WHAT YOU WILL DO: The lines below, from the one containing "Farm Country Lakeview, MI" through the one containing "CapeWomenOnline serves as", should be set down exactly, with no pictures and nothing else.

═════ SOURCE MATERIAL

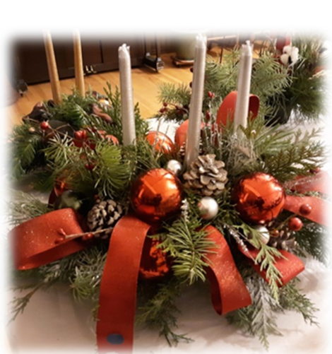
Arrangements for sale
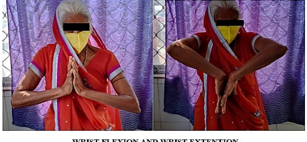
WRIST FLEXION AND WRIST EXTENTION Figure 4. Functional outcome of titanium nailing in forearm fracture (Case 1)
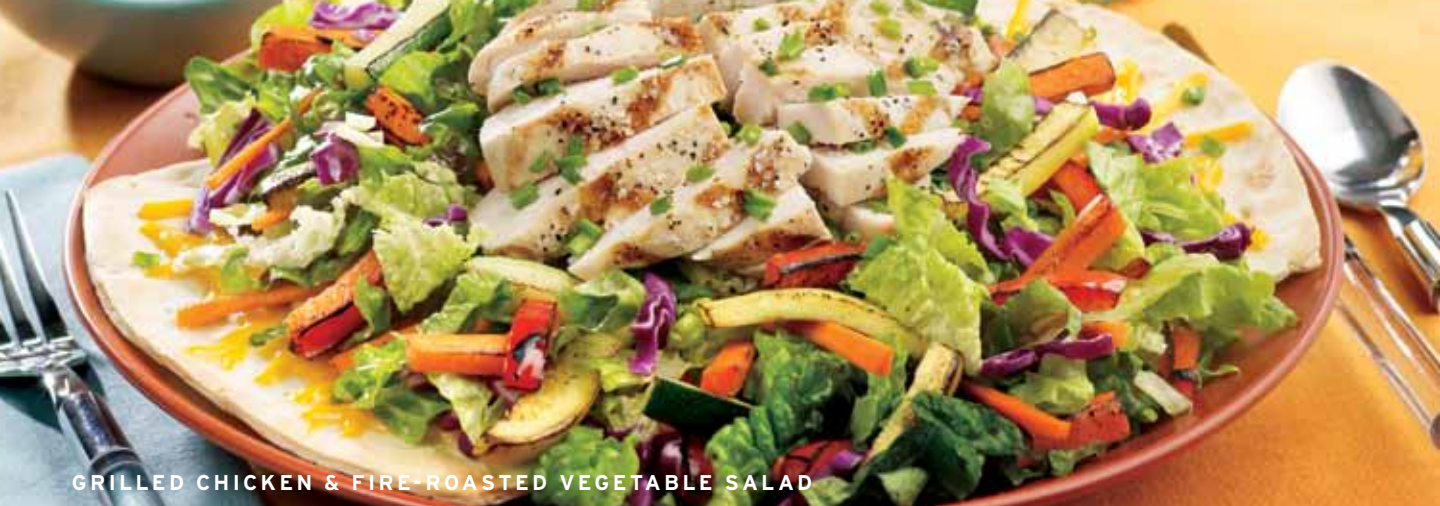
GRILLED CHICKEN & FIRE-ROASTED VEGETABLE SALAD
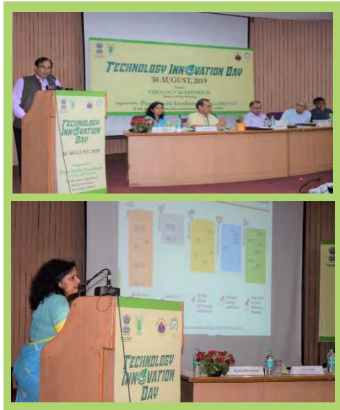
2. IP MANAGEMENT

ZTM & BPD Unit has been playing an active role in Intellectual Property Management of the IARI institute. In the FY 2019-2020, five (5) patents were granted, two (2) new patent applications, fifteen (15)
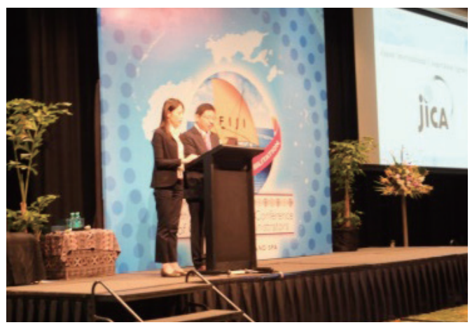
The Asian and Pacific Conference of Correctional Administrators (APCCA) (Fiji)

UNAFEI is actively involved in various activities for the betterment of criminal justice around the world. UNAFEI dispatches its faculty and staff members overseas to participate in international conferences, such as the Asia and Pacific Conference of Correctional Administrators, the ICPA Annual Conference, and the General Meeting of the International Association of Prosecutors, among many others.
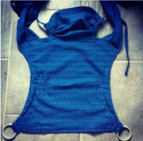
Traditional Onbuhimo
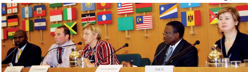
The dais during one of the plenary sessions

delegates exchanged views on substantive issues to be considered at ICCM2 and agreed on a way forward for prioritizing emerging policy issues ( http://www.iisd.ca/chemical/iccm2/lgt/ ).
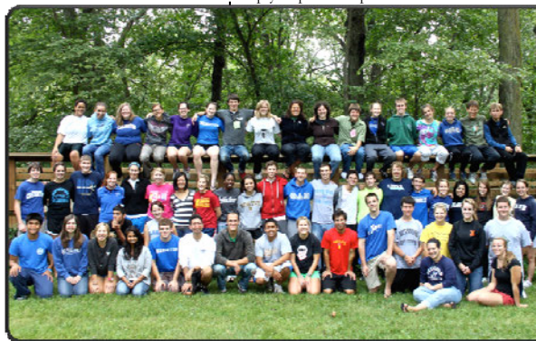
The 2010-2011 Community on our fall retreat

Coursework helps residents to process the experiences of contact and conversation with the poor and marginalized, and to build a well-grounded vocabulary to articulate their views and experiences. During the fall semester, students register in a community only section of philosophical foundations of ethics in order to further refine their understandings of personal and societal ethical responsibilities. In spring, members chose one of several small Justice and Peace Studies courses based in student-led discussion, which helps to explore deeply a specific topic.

══════════
═════ SOURCE MATERIAL

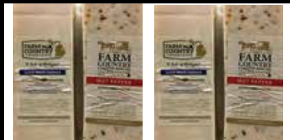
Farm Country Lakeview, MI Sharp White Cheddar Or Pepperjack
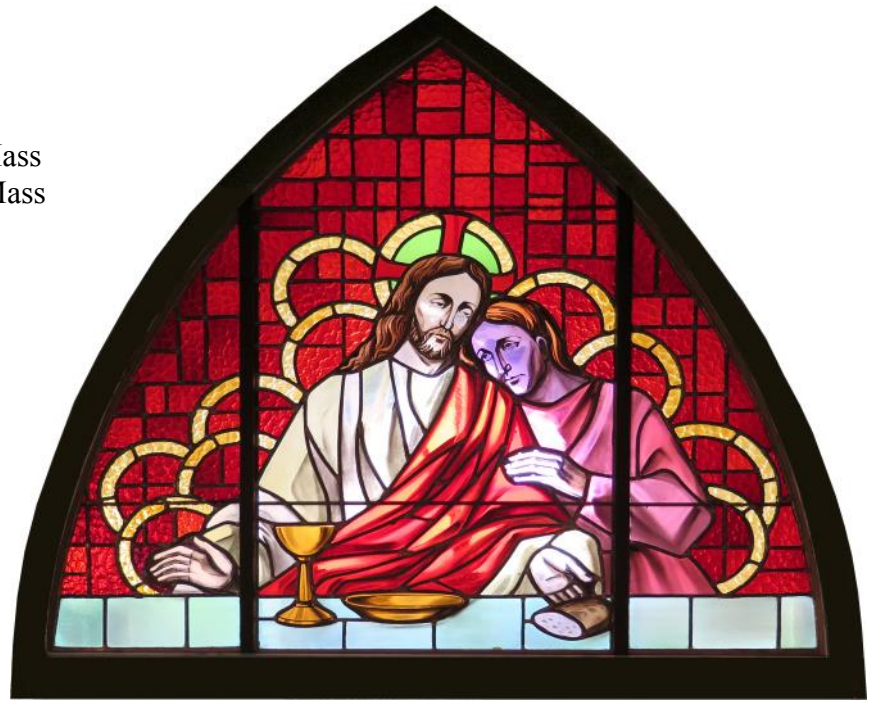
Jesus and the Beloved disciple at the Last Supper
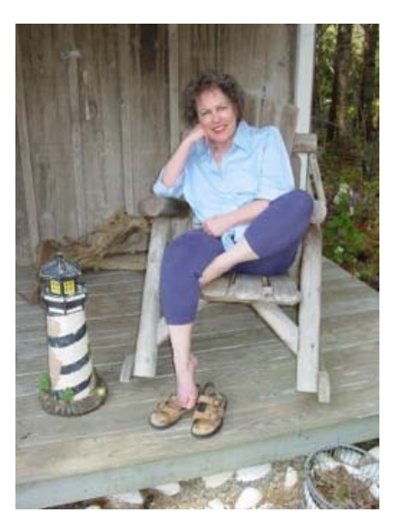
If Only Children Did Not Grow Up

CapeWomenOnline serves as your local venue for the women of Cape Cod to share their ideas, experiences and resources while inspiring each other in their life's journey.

══════════

SOLUTION TO THE PROBLEM:
Farm Country Lakeview, MI Sharp White Cheddar Or Pepperjack
Jesus and the Beloved disciple at the Last Supper
If Only Children Did Not Grow Up

CapeWomenOnline serves as your local venue for the women of Cape Cod to share their ideas, experiences and resources while inspiring each other in their life's journey.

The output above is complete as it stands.